A quarta deficiência diz respeito ao fato de as análises dos institucionalistas da Escolha Racional com freqüência serem altamente voluntaristas, ou seja, tendem a apresentar a criação das instituições como um processo quase contratual, caracterizado por um acordo voluntário entre atores relativamente iguais e independentes, à semelhança do que se poderia encontrar no “estado de natureza”. Essa descrição não considera o fato de que a assimetria das relações de poder confere muito mais influência a certos atores do que a outros, no processo de criação das instituições (id. ibid., p. 216).
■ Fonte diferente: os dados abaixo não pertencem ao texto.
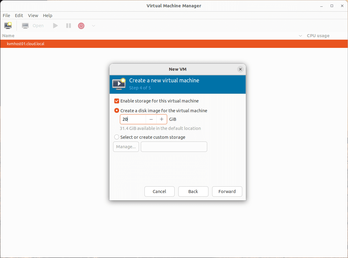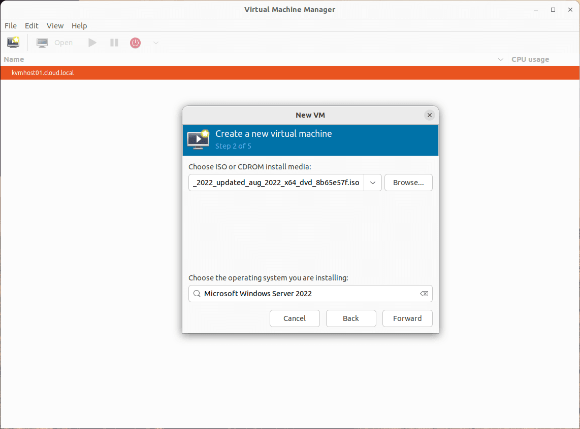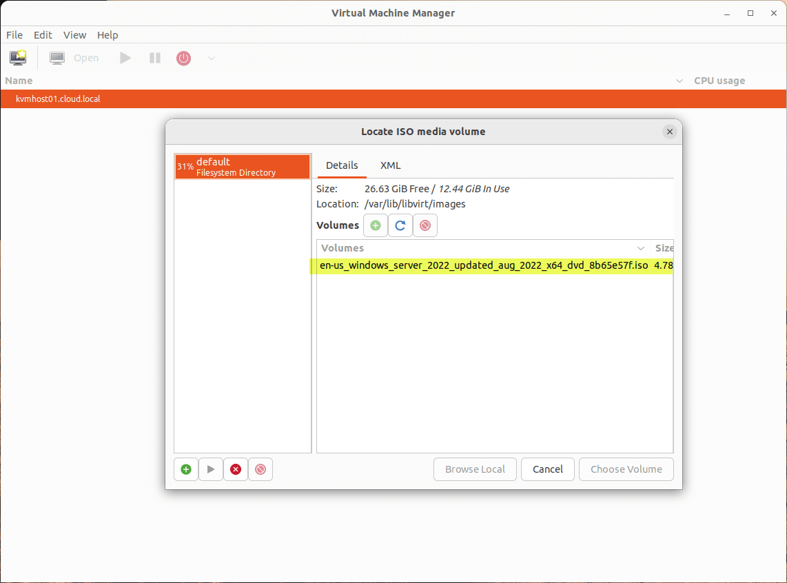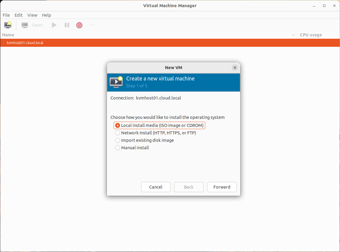 After you have uploaded the ISO file to the KVM host, we can begin the process to create a virtual machine using Virt-Manager.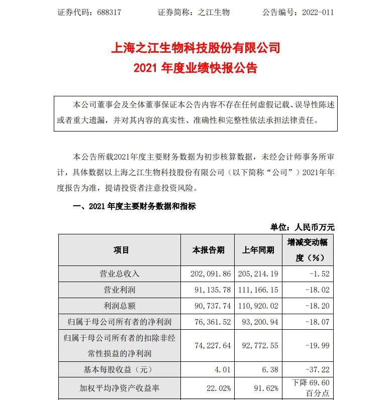 2月21日,之江生物(688317.SH)发布业绩快报称,2021年实现营业收入20.21亿元;同比下降1.52%;实现净利润7.64亿元,同比下降18.07%。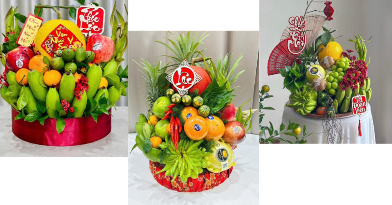 Giá mâm ngũ quả bán online không chênh lệch nhiều so với ngoài chợ, nhưng thường được người bán tặng kèm thêm các dịch vụ như trang trí, bọc lưới bảo vệ từng quả, kèm thiệp chúc Tết. Một số đơn vị còn nhận thiết kế theo yêu cầu riêng, phối màu theo phong thủy hoặc theo tuổi gia chủ.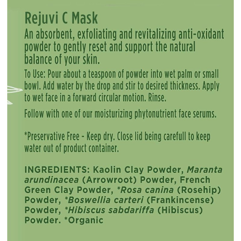 - Deep Pore Cleanse With Clay Powder Face Mask Using Highly Absorbent Organic French Green Clay, Kaolin Clay, vitamin C rich Rosehips and Hibiscus and the historical skincare magician Frankincense, Rejuvi C leaves your skin feeling deeply clean, soft and replenished.
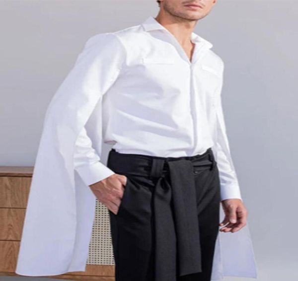 men039s casual shirts fashion men shirt lapel 2022 flare long sleeve button clothing solid streetwear irregular camisas s7782334, White;black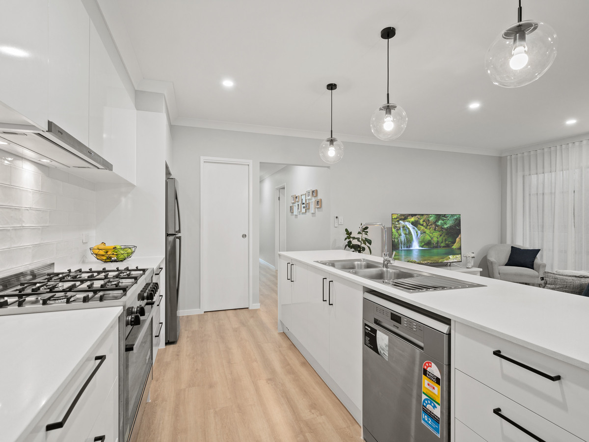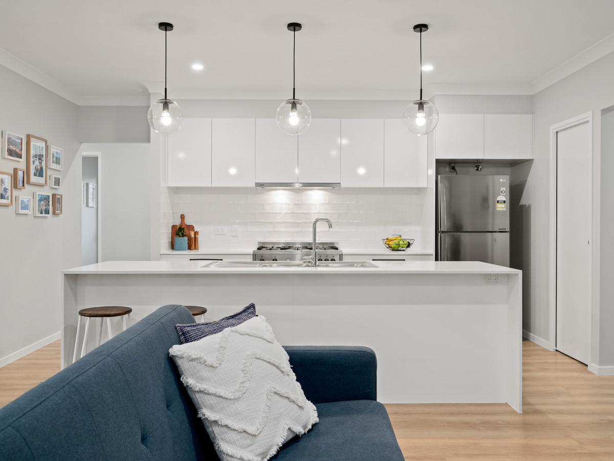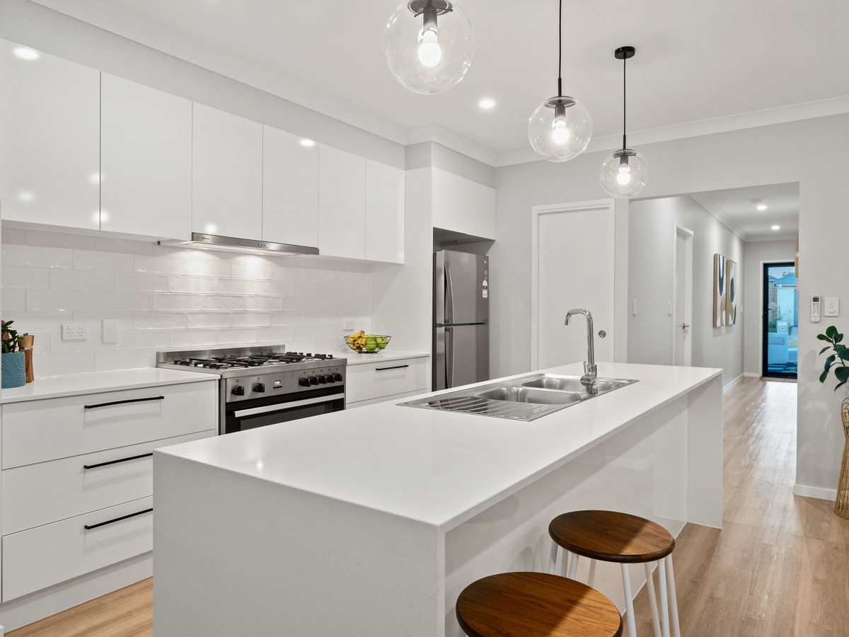 Step inside this stylish residence and you’ll immediately appreciate the generous proportions, quality finishes, and thoughtful design. The open-plan layout is anchored by a sleek modern kitchen featuring a waterfall stone island bench, 900mm freestanding gas cooker, subway-tiled splashback, and pendant lighting — perfect for the home chef or entertainer.

Por fim, o postulado do equilíbrio do Institucionalismo da Escolha Racional leva seus teóricos a uma contradição: sendo o equilíbrio de Nash um dos componentes inerentes a esse enfoque, os atores não deveriam pôr-se de acordo para mudar as instituições existentes. Paradoxalmente, as instituições são estáveis mediante a invocação da incerteza que cerca a mudança institucional. Isso torna ainda mais difícil compreender por que ocorrem mudanças institucionais, fato que leva esse enfoque a necessitar, no mínimo, de uma teoria dos equilíbrios dinâmicos mais robusta (id. ibid., p. 216).

As cinco limitações acima sugerem que as explicações focadas no Institucionalismo da Escolha Racional, embora possam contribuir para explicar por que as instituições continuam a existir, não explicam com êxito sua origem, salvo em contextos limitados (id. ibid., p. 217).